**TASK TO COMPLETE**
Exactly the lines from the one containing "A figure of" through the one containing "久々のアリ日記です(笑)。 暖かくなって" in the listing below are to be copied, with the pictures left out.

**DATASET RECORDS**

• • • • •

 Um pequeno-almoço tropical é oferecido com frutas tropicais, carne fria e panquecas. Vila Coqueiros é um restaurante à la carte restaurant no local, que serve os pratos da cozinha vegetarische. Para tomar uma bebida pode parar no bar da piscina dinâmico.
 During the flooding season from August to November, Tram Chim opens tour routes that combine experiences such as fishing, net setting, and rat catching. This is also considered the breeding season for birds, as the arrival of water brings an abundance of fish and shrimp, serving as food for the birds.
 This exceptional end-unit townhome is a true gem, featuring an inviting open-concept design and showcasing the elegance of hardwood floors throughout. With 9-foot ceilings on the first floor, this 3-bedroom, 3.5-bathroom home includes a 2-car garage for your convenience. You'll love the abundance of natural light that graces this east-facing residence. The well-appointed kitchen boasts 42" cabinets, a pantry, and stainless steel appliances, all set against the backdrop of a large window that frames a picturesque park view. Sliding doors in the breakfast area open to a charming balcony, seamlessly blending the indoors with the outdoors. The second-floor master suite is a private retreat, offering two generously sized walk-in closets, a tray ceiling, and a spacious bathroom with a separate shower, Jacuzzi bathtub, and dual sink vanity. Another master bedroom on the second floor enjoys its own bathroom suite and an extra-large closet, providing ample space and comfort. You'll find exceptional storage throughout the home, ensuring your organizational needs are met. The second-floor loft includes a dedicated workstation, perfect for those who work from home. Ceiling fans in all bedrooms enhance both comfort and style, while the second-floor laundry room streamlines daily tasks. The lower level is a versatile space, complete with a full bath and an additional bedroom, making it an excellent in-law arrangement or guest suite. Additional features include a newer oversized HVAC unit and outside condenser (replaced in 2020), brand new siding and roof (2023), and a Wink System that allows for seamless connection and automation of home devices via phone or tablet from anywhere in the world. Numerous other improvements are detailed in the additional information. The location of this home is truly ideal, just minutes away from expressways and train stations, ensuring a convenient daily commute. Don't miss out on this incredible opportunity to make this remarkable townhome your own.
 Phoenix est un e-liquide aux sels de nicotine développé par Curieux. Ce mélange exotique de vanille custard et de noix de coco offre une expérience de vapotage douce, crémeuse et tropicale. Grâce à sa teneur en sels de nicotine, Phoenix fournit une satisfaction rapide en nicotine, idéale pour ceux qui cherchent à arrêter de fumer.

• • • • •

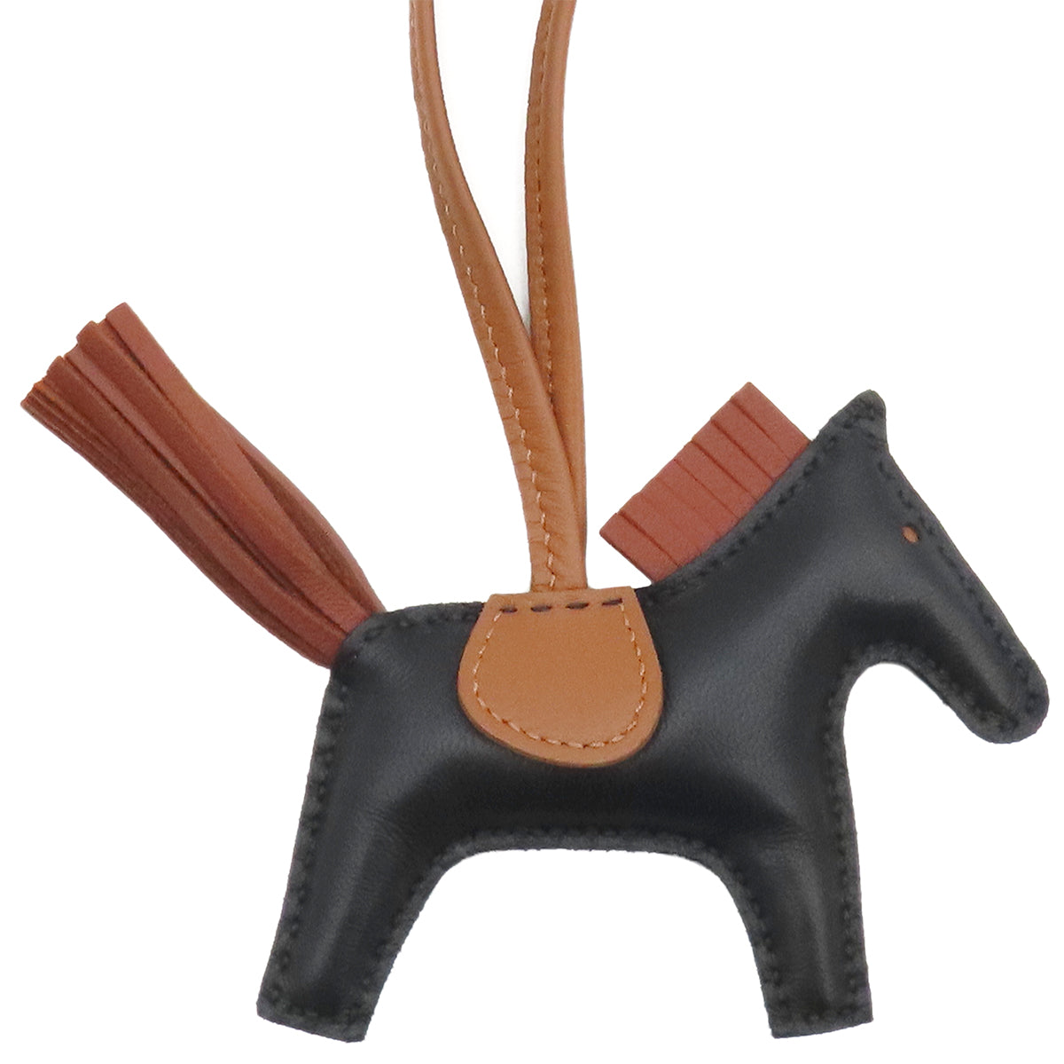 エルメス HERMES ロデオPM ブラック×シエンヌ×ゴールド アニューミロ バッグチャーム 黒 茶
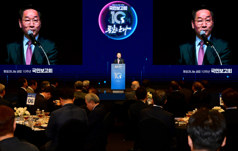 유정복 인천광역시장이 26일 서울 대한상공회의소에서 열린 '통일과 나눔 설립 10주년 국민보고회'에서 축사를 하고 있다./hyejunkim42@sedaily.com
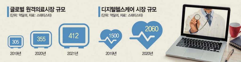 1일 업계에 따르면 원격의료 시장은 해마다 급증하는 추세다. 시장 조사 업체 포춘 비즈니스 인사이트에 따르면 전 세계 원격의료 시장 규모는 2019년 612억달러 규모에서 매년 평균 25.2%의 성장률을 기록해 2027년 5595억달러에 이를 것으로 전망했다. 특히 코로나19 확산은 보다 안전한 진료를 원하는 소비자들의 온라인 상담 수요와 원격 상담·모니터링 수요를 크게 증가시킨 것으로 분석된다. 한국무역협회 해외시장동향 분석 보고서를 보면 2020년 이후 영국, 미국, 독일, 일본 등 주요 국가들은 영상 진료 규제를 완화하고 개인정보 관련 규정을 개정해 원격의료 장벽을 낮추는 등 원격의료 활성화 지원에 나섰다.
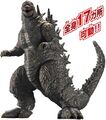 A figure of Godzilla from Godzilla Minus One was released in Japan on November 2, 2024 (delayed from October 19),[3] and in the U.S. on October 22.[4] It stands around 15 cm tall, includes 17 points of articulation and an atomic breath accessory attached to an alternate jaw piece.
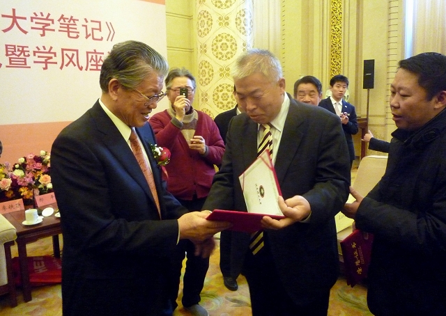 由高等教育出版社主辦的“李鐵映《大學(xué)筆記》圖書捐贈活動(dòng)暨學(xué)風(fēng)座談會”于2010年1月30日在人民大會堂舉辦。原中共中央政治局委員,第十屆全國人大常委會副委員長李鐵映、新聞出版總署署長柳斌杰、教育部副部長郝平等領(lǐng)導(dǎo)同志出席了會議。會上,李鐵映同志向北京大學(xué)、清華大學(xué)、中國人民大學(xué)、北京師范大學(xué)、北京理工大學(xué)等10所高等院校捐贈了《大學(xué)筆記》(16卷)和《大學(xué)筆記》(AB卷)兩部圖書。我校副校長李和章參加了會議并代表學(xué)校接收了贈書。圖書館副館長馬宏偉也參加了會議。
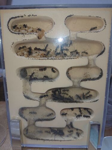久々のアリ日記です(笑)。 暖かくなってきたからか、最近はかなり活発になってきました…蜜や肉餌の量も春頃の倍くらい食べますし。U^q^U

• • • • •

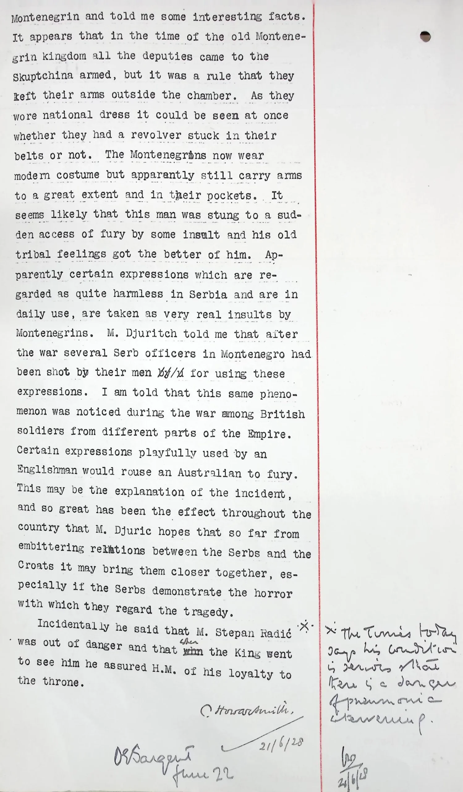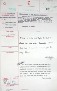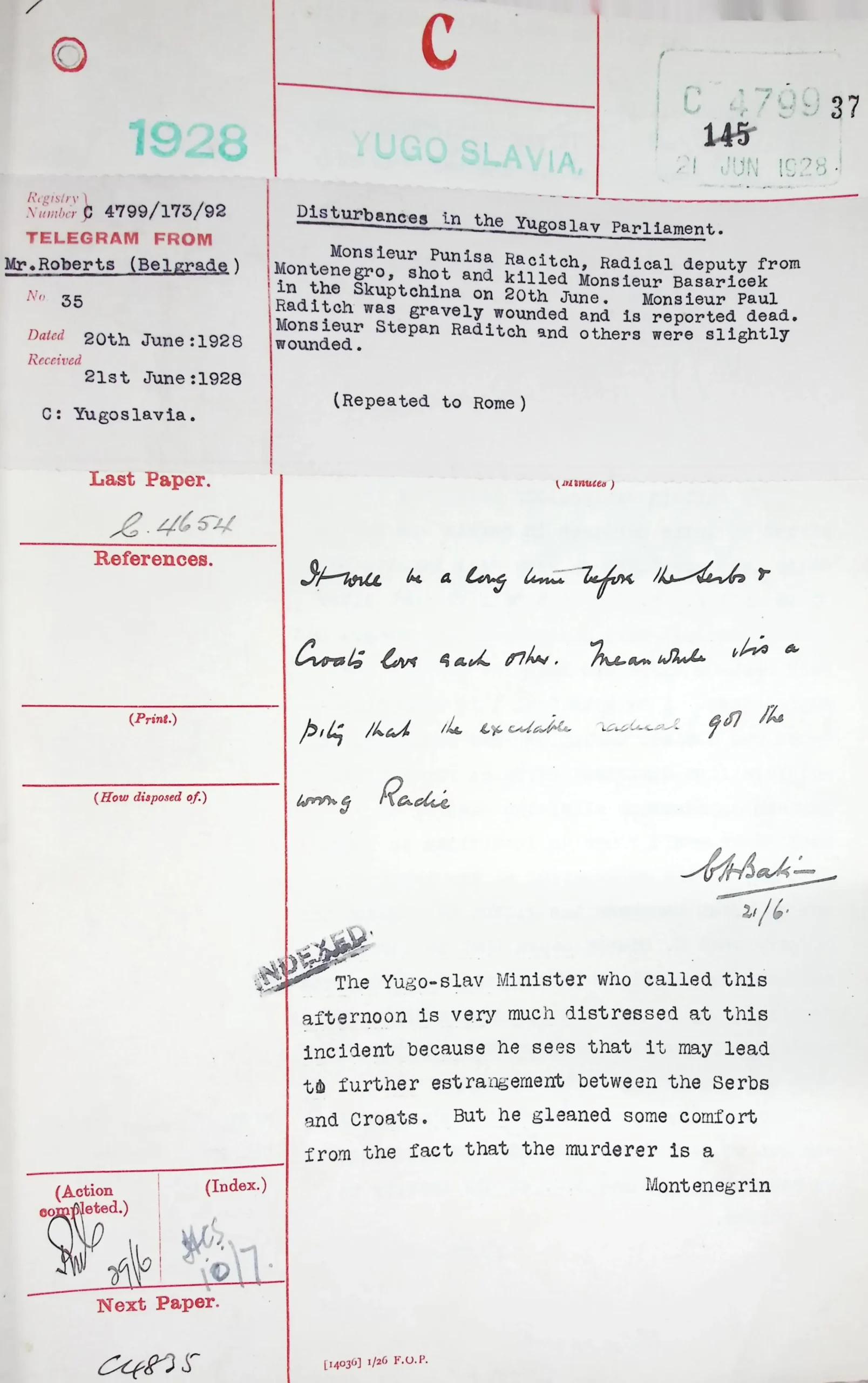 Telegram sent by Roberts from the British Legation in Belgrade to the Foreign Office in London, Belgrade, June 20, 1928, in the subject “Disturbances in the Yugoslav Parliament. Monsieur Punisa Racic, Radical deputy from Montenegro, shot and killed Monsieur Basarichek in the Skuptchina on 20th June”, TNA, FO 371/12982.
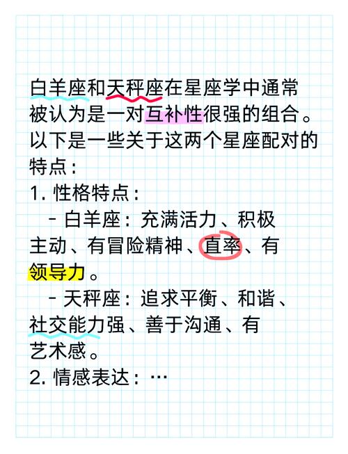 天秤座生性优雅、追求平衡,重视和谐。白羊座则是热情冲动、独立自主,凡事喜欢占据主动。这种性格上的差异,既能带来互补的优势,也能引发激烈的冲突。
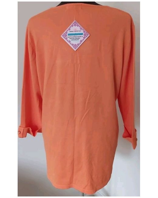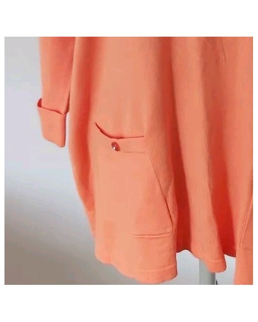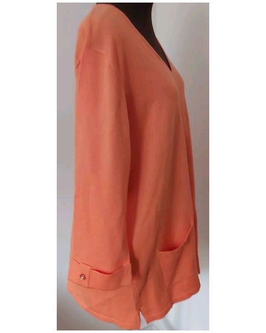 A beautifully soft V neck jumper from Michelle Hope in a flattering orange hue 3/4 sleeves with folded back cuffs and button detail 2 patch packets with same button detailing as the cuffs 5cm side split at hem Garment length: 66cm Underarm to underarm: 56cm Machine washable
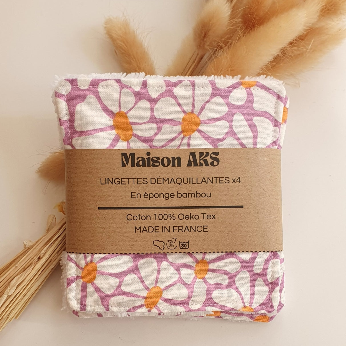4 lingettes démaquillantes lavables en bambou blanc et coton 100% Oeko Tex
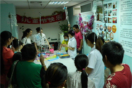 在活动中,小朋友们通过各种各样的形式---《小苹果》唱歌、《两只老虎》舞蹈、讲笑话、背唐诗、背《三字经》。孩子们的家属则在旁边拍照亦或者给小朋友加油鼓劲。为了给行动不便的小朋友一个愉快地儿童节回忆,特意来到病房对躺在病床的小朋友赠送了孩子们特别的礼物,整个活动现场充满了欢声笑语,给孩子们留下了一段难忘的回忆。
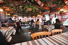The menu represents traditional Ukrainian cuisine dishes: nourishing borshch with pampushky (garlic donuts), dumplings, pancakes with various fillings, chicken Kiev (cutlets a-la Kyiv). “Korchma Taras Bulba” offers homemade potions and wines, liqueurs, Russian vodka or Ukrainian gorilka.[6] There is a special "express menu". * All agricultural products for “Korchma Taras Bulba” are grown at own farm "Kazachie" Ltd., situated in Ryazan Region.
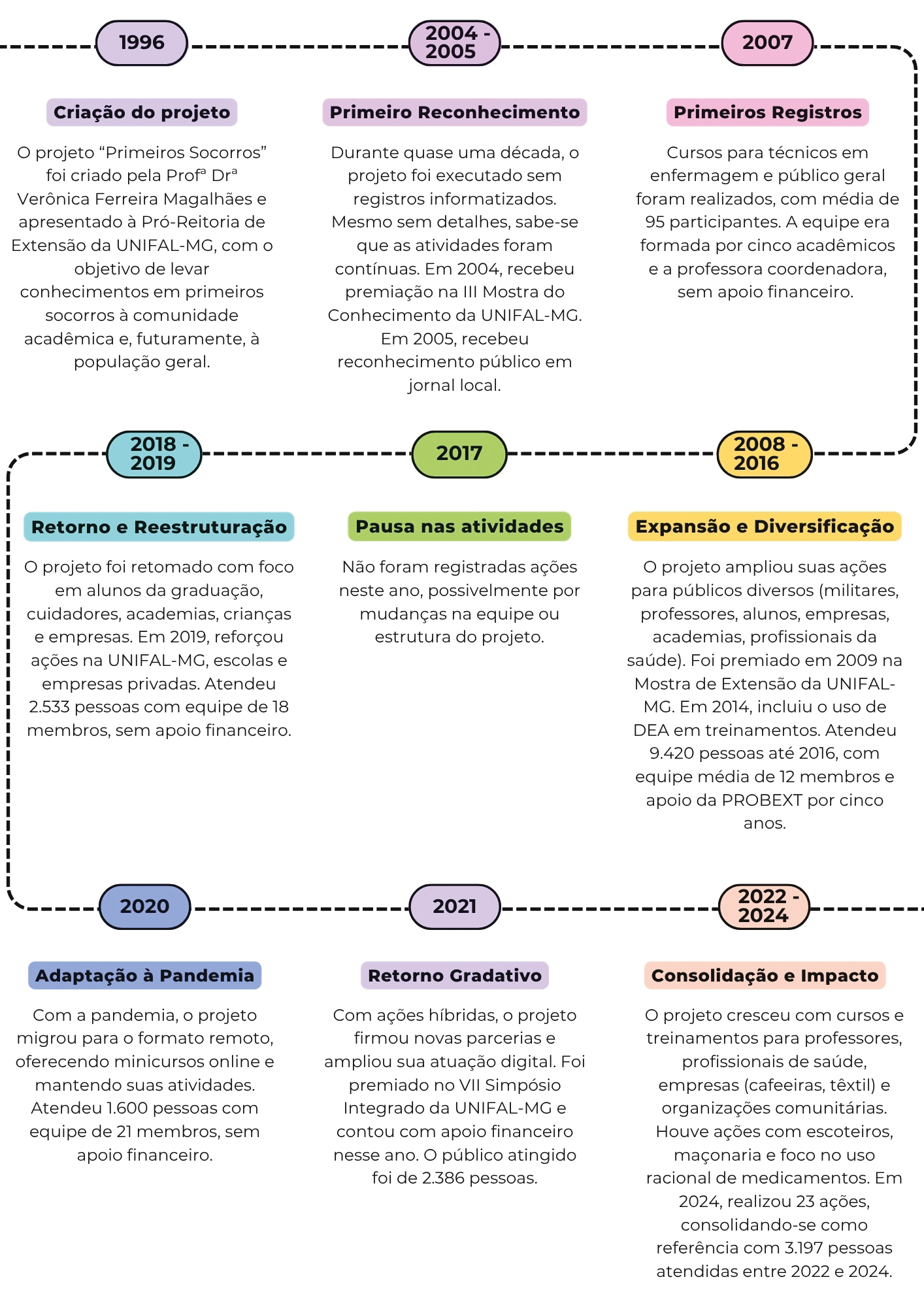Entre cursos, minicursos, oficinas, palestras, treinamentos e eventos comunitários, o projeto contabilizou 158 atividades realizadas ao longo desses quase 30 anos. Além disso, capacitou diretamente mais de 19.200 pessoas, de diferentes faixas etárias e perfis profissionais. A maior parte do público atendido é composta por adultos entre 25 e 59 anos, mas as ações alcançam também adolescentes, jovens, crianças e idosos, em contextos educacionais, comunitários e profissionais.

• • • • •

**SOLVED PROBLEM**
 A figure of Godzilla from Godzilla Minus One was released in Japan on November 2, 2024 (delayed from October 19),[3] and in the U.S. on October 22.[4] It stands around 15 cm tall, includes 17 points of articulation and an atomic breath accessory attached to an alternate jaw piece.
 由高等教育出版社主辦的“李鐵映《大學(xué)筆記》圖書捐贈活動(dòng)暨學(xué)風(fēng)座談會”于2010年1月30日在人民大會堂舉辦。原中共中央政治局委員,第十屆全國人大常委會副委員長李鐵映、新聞出版總署署長柳斌杰、教育部副部長郝平等領(lǐng)導(dǎo)同志出席了會議。會上,李鐵映同志向北京大學(xué)、清華大學(xué)、中國人民大學(xué)、北京師范大學(xué)、北京理工大學(xué)等10所高等院校捐贈了《大學(xué)筆記》(16卷)和《大學(xué)筆記》(AB卷)兩部圖書。我校副校長李和章參加了會議并代表學(xué)校接收了贈書。圖書館副館長馬宏偉也參加了會議。
久々のアリ日記です(笑)。 暖かくなってきたからか、最近はかなり活発になってきました…蜜や肉餌の量も春頃の倍くらい食べますし。U^q^U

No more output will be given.